Spearman correlation analysis was conducted between the PSG genes on the entire cohort in the TCGA LUAD, resulting in statistically significant p-values for all correlations. The statistical significance remained in all correlations of Spearman correlation analysis for each sex. The highest Spearman correlation coefficient (Rs) was observed between the PSG3 and PSG6 (Rs = 0.60, P < .0001) and the second highest Rs between the PSG4 and PSG9 (Rs = 0.59, P < .0001) as shown in Fig. 1(b). In Spearman correlation analysis between the PSG genes and 22 immune cell types in CIBERSORT, M0 macrophages yielded the four highest Rs in correlation with PSG5, PSG4, PSG9, and PSG6, resulting in Rs = 0.24, 0.23, 0.23, and 0.21 (all P < .0001), respectively (Supplemental Fig. 2).

Survival analysis

Kaplan–Meier analysis was conducted to investigate a difference in overall survival between the PSG+ and PSG− groups for each sex in the TCGA LUAD. Figure 2(a) shows Kaplan–Meier curves of overall survival with log-rank p-values for each PSG gene in the female group. Four genes, including PSG3, PSG5, PSG8, and PSG9, had statistical significance (P < .05) whereas, in the male group, only PSG2 had statistical significance but with a highly imbalanced sample size between the PSG+ (N = 15) and PSG− (N = 223) groups (Fig. 2(b)).

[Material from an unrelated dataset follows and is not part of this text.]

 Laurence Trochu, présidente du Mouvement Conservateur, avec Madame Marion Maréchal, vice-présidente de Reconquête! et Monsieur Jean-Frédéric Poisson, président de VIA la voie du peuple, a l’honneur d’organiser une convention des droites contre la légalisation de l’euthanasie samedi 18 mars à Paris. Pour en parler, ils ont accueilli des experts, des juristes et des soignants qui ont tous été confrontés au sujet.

Kaplan–Meier analysis of overall survival. A The female and B male groups in the TCGA LUAD.
Figure 2

Kaplan–Meier analysis of overall survival. A The female and B male groups in the TCGA LUAD.

An independent dataset in the CPTAC LUAD study was analyzed to validate the finding. Figure 3(a) shows Kaplan–Meier curves of overall survival with log-rank p-values for each PSG gene in the female group. Six PSG genes, including PSG1, PSG3, PSG4, PSG5, PSG6, and PSG8, had statistical significance whereas no statistically significant PSG gene between the PSG+ and PSG− groups was found in the male group (Fig. 3(b)). This finding suggests that there may be a differential sex effect of PSG genes on survival outcomes in LUAD. In particular, the observation that, in general, the PSG− group had higher survival probabilities than the PSG+ group indicates that expression of the PSG genes is associated with poor prognosis.

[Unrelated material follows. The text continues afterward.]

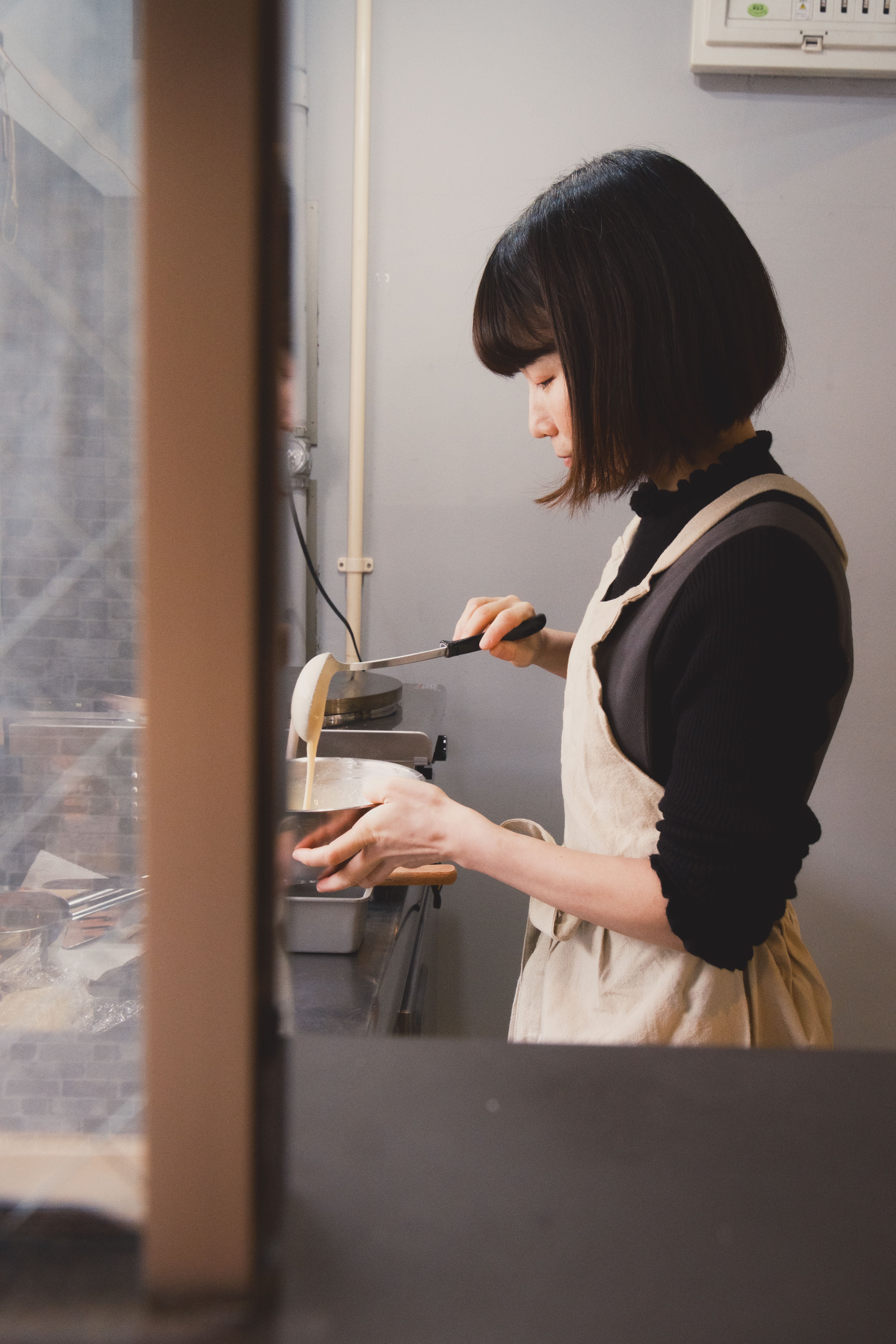 クレープの試作を何度も重ねました

Kaplan–Meier analysis of overall survival. A The female and B male groups in the CPTAC LUAD.
Figure 3

Kaplan–Meier analysis of overall survival. A The female and B male groups in the CPTAC LUAD.

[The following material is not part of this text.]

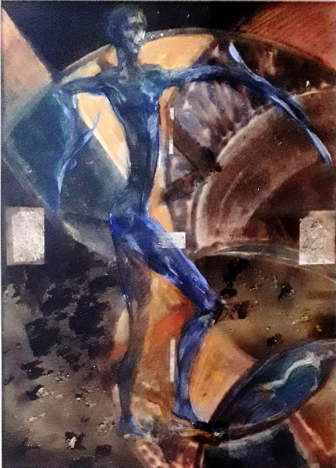 CECCOBELLI BRUNO Perugia 1952 "Ballerino in blu” olio e tecnica mista su tela cm 35,7x50. Sul retro firmato con ideogramma e intitolato. Autentica su foto a cura dell’artista.

Effect of the combination of PSG genes

As mentioned earlier, expression of PSG genes is highly correlated, suggesting coordinated regulation in tumor cells and perhaps also coordinated mechanism of action. Indeed, PSGs could act in concert to regulate the tumor microenvironment. We next investigated whether certain combinations of PSG genes are associated with overall survival in Kaplan–Meier analysis. All possible combinations of two or three PSG genes (45 and 120 combinations, respectively) were assessed by defining a tumor sample as PSG− (70.1%, 190/271) if all PSG genes in a combination had no expression and otherwise defining it as PSG+ (29.9%, 81/271). In the female group on the TCGA LUAD, the lowest log-rank p of 8.67E-06 (false discovery rate [FDR] = 0.0010) was obtained with the combination of three PSG genes including PSG3, PSG7, and PSG8, which is much more statistically significant than individual PSG genes (Fig. 4(a)). This combination of PSG genes was validated on the CPTAC LUAD data, resulting in a log-rank p of 0.0382 (Fig. 4(b)). In the male group on the TCGA, no statistically significant combination with FDR < 0.05 was observed. The signature of PSG3, PSG7, and PSG8 was further assessed for female patients in other TCGA cancer datasets. A statistically significant survival difference was found between the PSG+ and PSG− groups in uterine cancer with a log-rank p of 0.0138 and borderline significance in kidney cancer with a log-rank p of 0.0746 (Supplemental Fig. 3).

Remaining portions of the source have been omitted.